Lizzi cried out in shrill excitement, so that he stopped on the point of standing up. “Oh, Herr Freytag, how strange! We some of us thought
you
were the Jew—how could we have been so blind?—and only a few evenings ago, I was talking to that odd American woman who shares my cabin—you know her? Mrs. Treadwell? and she told me something I simply did not believe—that no, it was your
wife
—just as you say!”

“Mrs. Treadwell?” repeated Freytag, shocked. “She said that?”

“Of course, am I not saying so? But—please don't misunderstand me—she was a little—you know, she drinks—sometimes she is very vague …” She looked for understanding in the faces now all pointed towards her with exact attention. Nothing however disreputable they could hear about the Americans on board could surprise them. Lizzi ended: “Well, more than once, a whole bottle of wine, by herself, after dinner!”

Freytag got up decisively at this point, favored his circle of compatriots with a nasty smile, and spoke like an actor giving the curtain line: “Well, I leave Mrs. Treadwell to your tender mercies!” and did not wait for an answer. And may they pull you into pieces, he wished hotly, noticing her seated alone at her small table, eyelids lowered, the living image of innocence, eating ice cream. He was struck with a wish to have a table to himself. He would speak to the head steward about it tomorrow. He could not stick that crowd at the Captain's table much longer. One more round of remarks about the Jews and he would slap their faces, once each. Yes, even Dr. Schumann, old hypocrite, who had got out without committing himself. And instantly upon this blaze of fury came a chill straight from the grave—he was going even now to Mary's relatives, those of them who would still call on Mary's mother, or come for dinner: to listen to jokes about the Goyim, jokes that had burnt acid-holes in his memory, and in his feelings for all of them. He leaned on the rail and gazed into the darkening water, by now no longer the pleasant novelty it had been. “Can I be thinking of suicide?” he asked himself after a short interval of rigid blankness; for all the time when he believed his mind was empty, he had seen himself going smoothly as a professional diver head-first in the depths, sinking slowly and slowly to the very ocean floor, and lying there flat, for good and all, eyes wide open, in perfect ease and contentment. He pulled up with a shudder, blinked several times, and began to walk. The image had been so clear it unnerved him almost.
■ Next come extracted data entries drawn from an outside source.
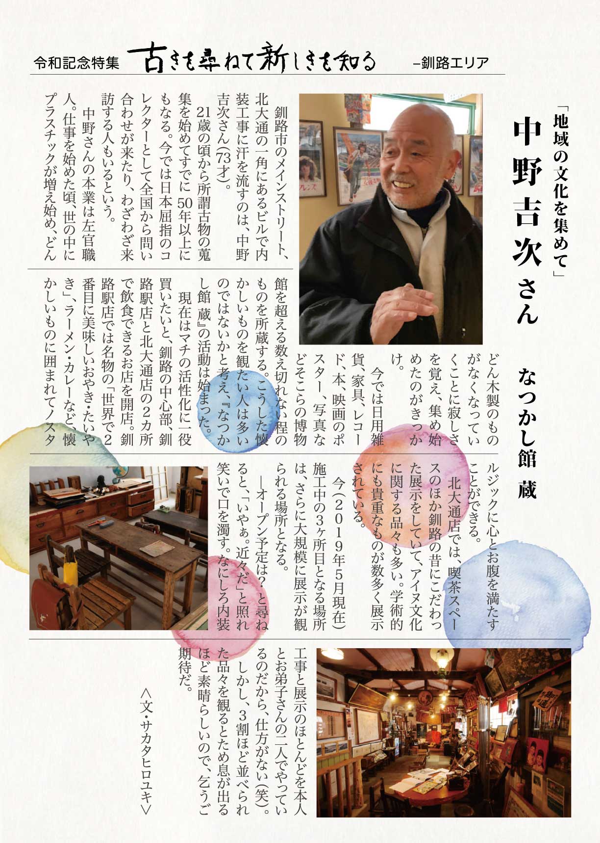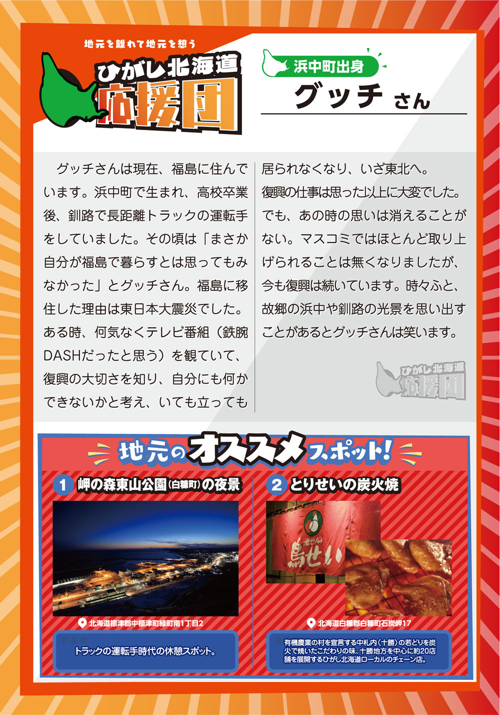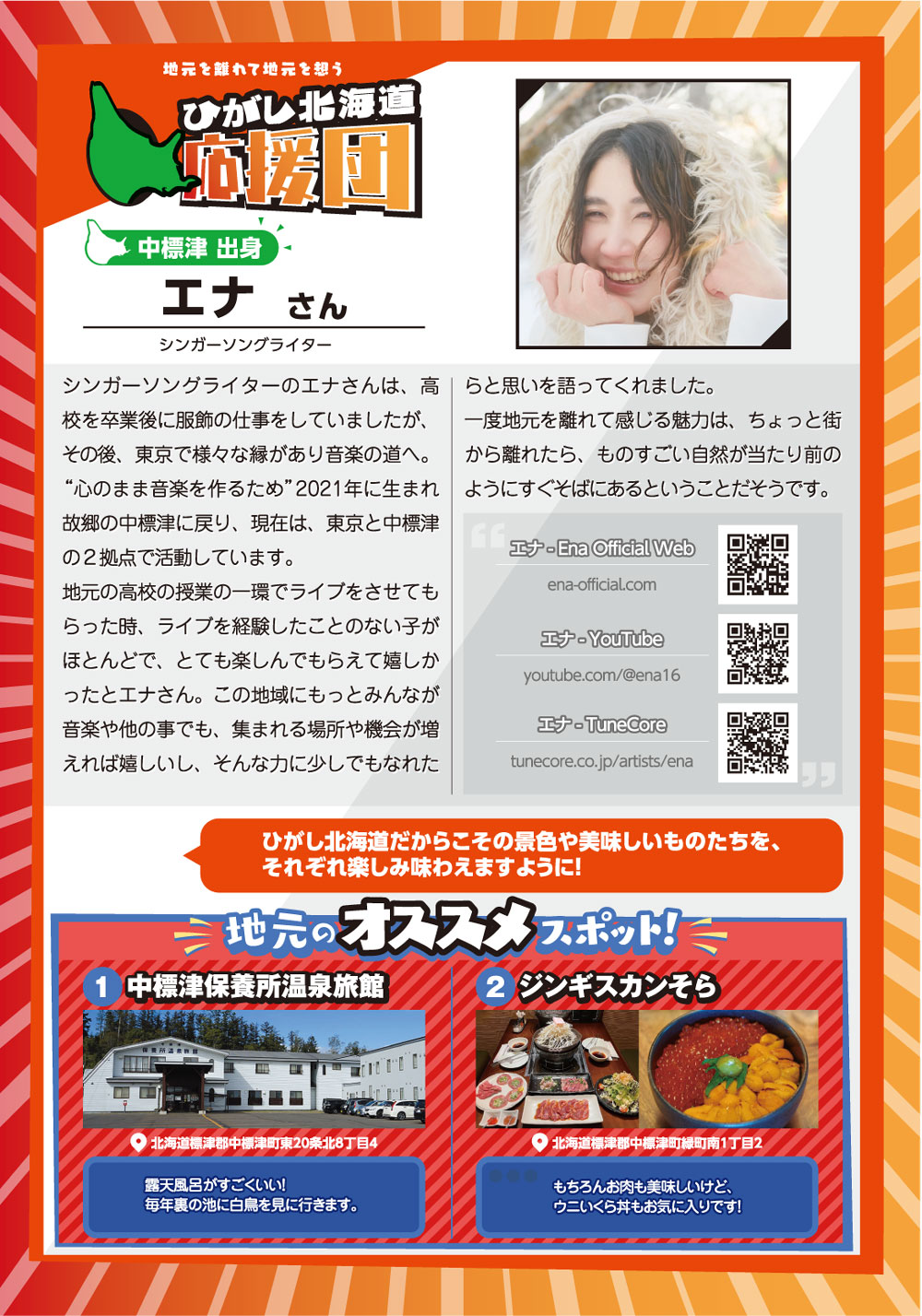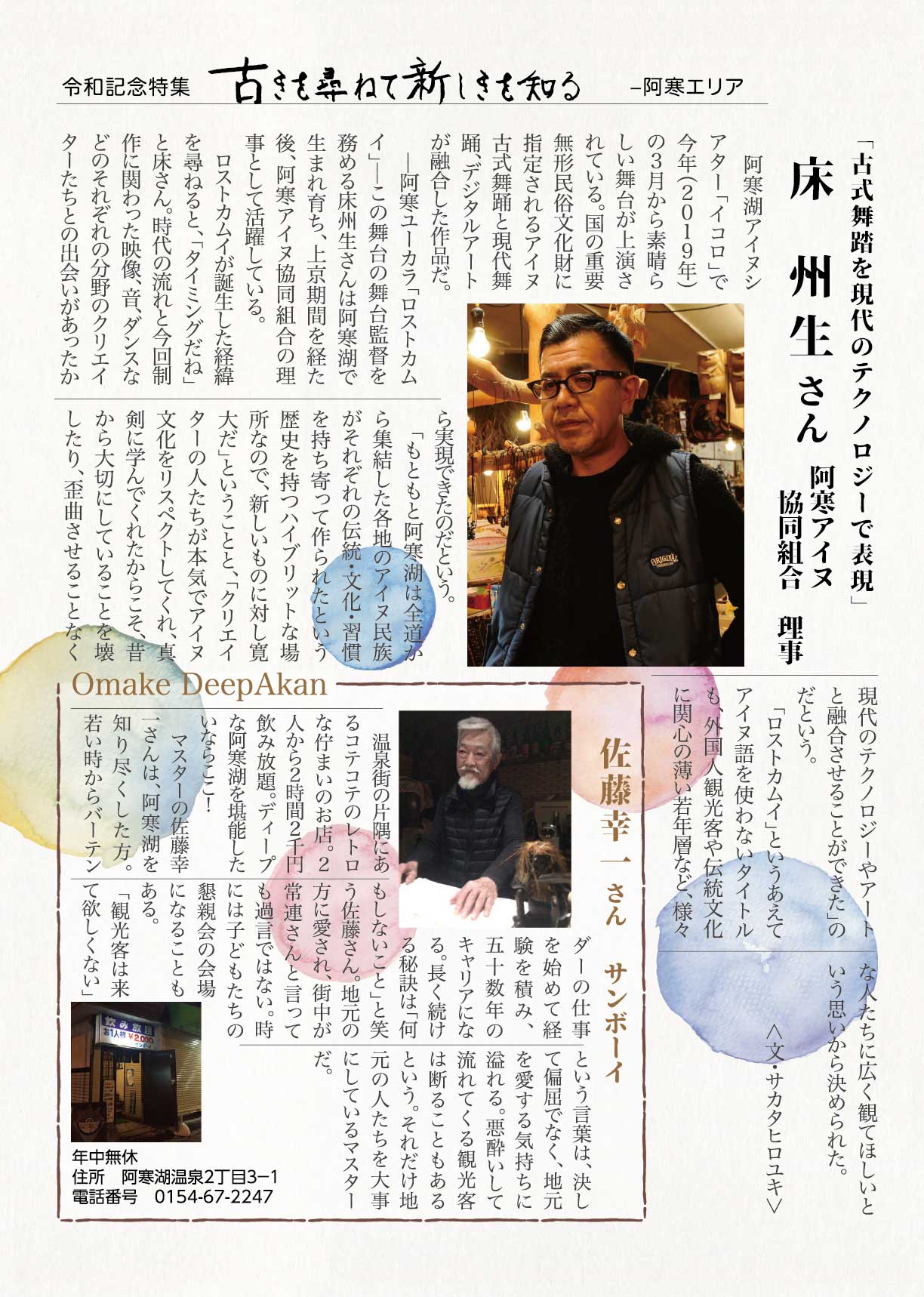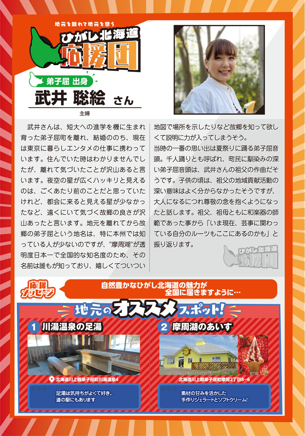 「スミの人NAVI」や「ひがし北海道エンジョイMAP」などの小冊子を通じて特集してきた様々なコーナーで紹介してきた方々をアーカイブ化しました。※クリックすると、記事をご覧いただけます。 ひがし北海道応援団 Youは何しにDOTOへ? 古きを尋ねて新しきを知る 釧路市出身 湊 理徳 思い出の場所は和商市場 弟子屈出身 武井 聡絵 思い出は夏祭りに踊る弟子屈音頭 阿寒町出身 白鞘 由真 ひがし北海道は、自分を作り上げてくれた原点 中標津町出身 エナ ものすごい自然が、当たり前のようにすぐそばにある 浜中町出身 グッチ 故郷の浜中や、釧路の光景を思い出す 釧路市 浦田 マルニー 「寒い」けど「暖かい」そんな釧路が大好き 弟子屈町 ベースラー・パスカル 夢は弟子屈での交流イベント開催 釧路市・阿寒湖畔 リー・ウンギョン アイヌの方々と出会い人生が変わった 中標津町 ローポンピパット・タナワット タイの人たちに自分の好きなものを知ってほしい! 釧路市 ティラック・ピーリス スリランカの健康文化を日本でも 鶴居村 松井 杉佳(アン) 故郷と似ている鶴居村がだいすき 懐かし館・蔵 中野 吉次 地域の文化を集めて 阿寒アイヌ協同組合理事 床 州生 古代舞踊を現在のテクノロジーで表現 朝市の会代表 大石 さくら 地域の遺産に活気と記憶をつなぐ バックナンバー 1 2 3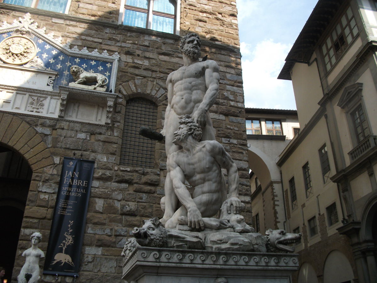 Во Флоренции, на площади Синьории, в тени Палаццо Веккьо, рядом с копией "Давида" Микеланджело стоит мраморный гигант, что стал мишенью для ярости и насмешек. Его презирали так искренне и поэтично, что неделями к его подножию летели стихи, полные сатиры и ненависти. Это скульптура "Геркулес и Какус" работы Бандинелли, представленная в 1534 году и высотой 5 метров. Ее задумывали как гимн Медичи, но она превратилась в объект одной из самых беспощадных публичных порок эпохи Возрождения. Более сотни сатирических сонетов были пришпилены к ее основанию, а художник, сгорая от стыда, бежал из города. Высеченный из белого каррарского мрамора, этот колосс запечатлел миг победы: могучий Геркулес побеждает огнедышащего похитителя скота Какуса. Заказ, рожденный в период реставрации власти Медичи – волей папы Климента VII и герцога Алессандро Медичи, – виделся им противопоставлением оригинальному "Давиду" Микеланджело, стоявшему тогда на площади. Сам мраморный блок изначально предназначался для с
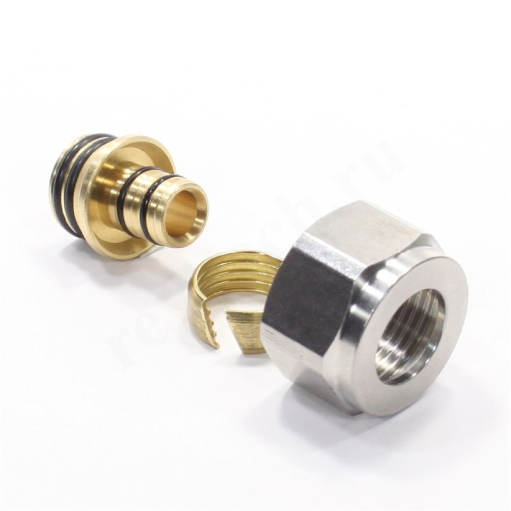 Резьбозажимное Flex-X изготавливается из покрытой латуни. Внутренняя резьба трубная цилиндрическая G3/4' Евроконус. Для присоединения труб PE-Xa 16х2,2, 10 бар к радиаторным узлам и коллекторам с наружной резьбой 3/4'.
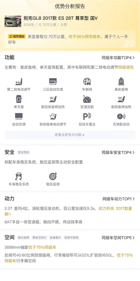 优势:作为早期MPV的代表,别克GL8的知名度尚可,保值率有一定保障。空间大,适合全家出行。MPV可以很好的适用全家出行,空间大,座椅多,比较受家庭用车欢迎。配置丰富,舒适性高。价格相对来说不高,性价比不错。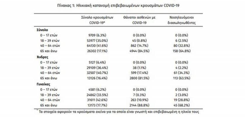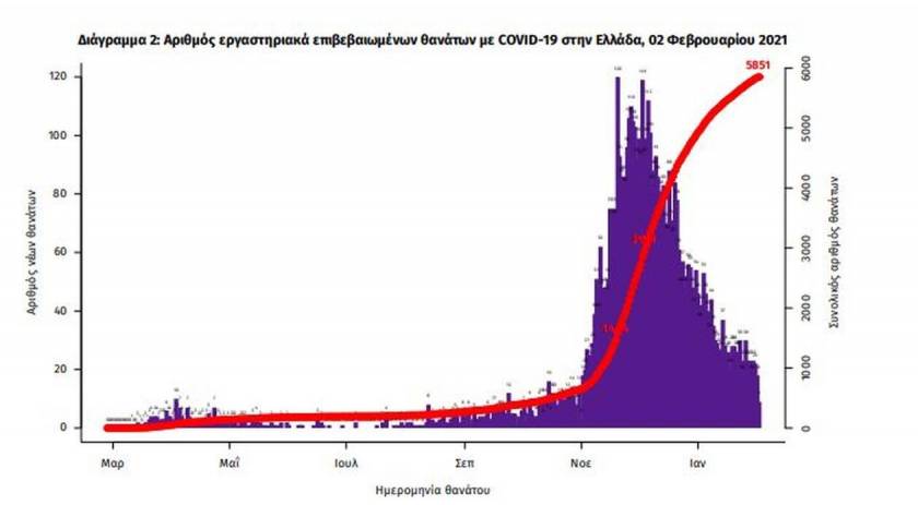 Τέλος, έχουμε 22 νέους θανάτους από τη νόσο COVID-19, φθάνοντας τους 5.851 θανάτους συνολικά στη χώρα, εκ των οποίων 3.437 (58,7%) άνδρες. Η διάμεση ηλικία των θανόντων συμπολιτών μας ήταν τα 79 έτη και το 95,5% είχε κάποιο υποκείμενο νόσημα ή/και ηλικία 70 ετών και άνω.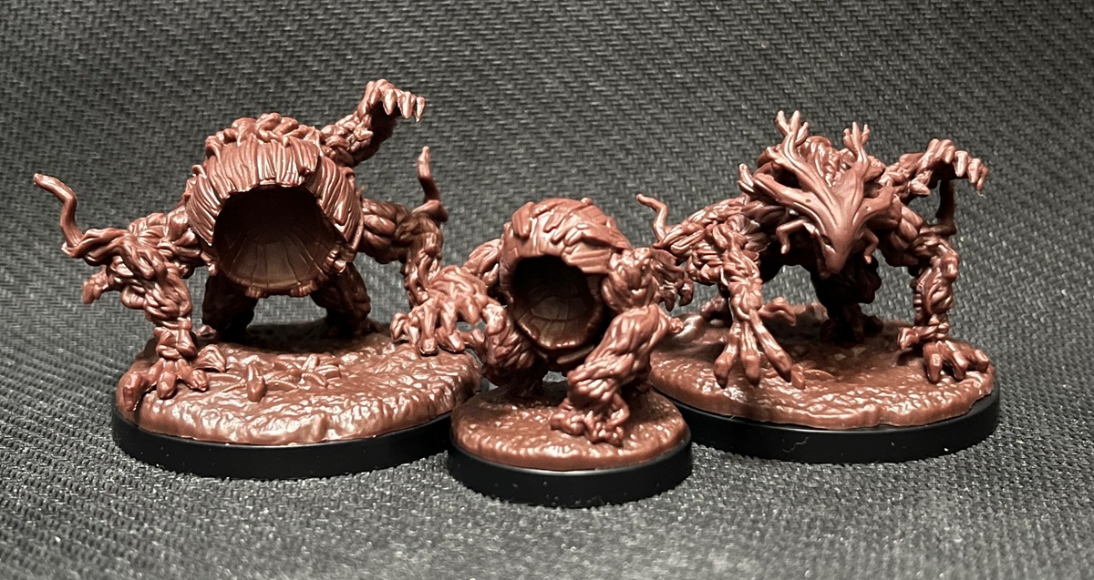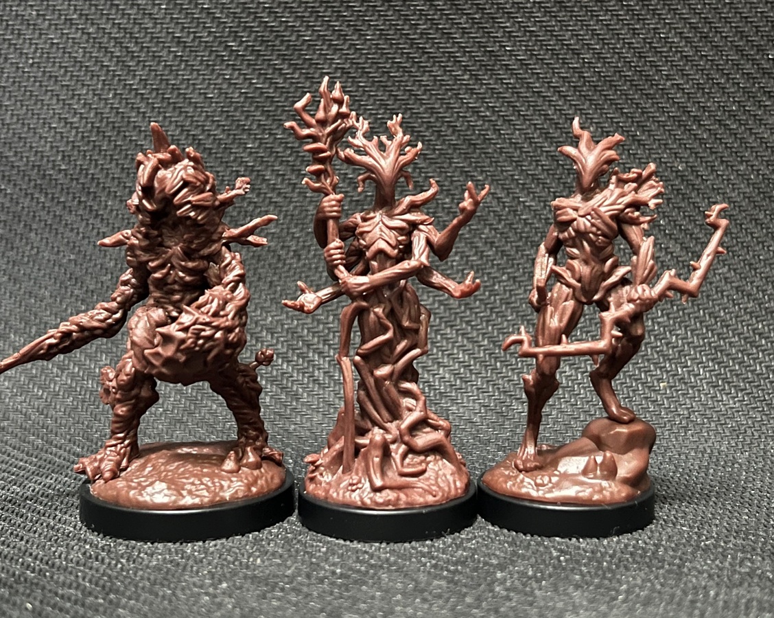 One other thing about this batch of miniatures is you get these squat tree spirits on larger bases as well. I really like the diversity of the miniatures included. It makes sense that some of these Treekin/Forest Spirits are more stumpy than others. No wonder they are mad — someone cut them up!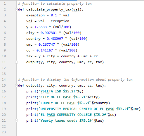 # function to calculate property tax def calculate_property_tax(val): exemption = 0.1 * val val = val - exemption y = 1.3533 * (val/100) city = 0.907301 * (val/100) country = 0.488997 * (val/100) umc = 0.267747 * (val/100) cc = 0.141167 * (val/100) tax = y + city + country + umc + cc output(y, city, country, umc, cc, tax) # function to display the information about property tax def output(y, city, country, umc, cc, tax): print('YSLETA ISD $%5.2f'%y) print('CITY OF EL PASO $%5.2f'%city) print('COUNTY OF EL PASO $%5.2f'%country) print('UNIVERSITY MEDICAL CENTER OF EL PASO $%5.2f'%umc) print('EL PASO COMMUNITY COLLEGE $%5.2f'%cc) print('Yearly taxes owed: $%5.2f'%tax)

But no, nothing to worry about. That easy way out was not for him. His way was clear—the road ran all the way in, and through, and out again on the other side; all he had to do was to keep going, and not lose his head, and not let Jew or Christian bedevil him into losing his temper and playing into their hands. In the meantime, he'd like just a word with that Mrs. Treadwell; but no hurry.

The Captain left his second cup of dinner coffee and went out to grant, on the bridge deck, not in his private quarters, a curt interview to Fräulein Lizzi Spökenkieker, who embodied to the last trait and feature everything the Captain found most positively repellent in womankind; and to her besotted admirer Herr Rieber, who must surely be lacking in some indispensable male faculty, such as taste or judgment where women were concerned. They had requested to see him in writing, which gave an urgency no doubt spurious to their occasion. What business could they have with him that would not wait until lunch tomorrow, if not even to the judgment day? He suppressed a belch and eyed them sternly, meaning to warn them even at this late moment that he was not to be disturbed frivolously.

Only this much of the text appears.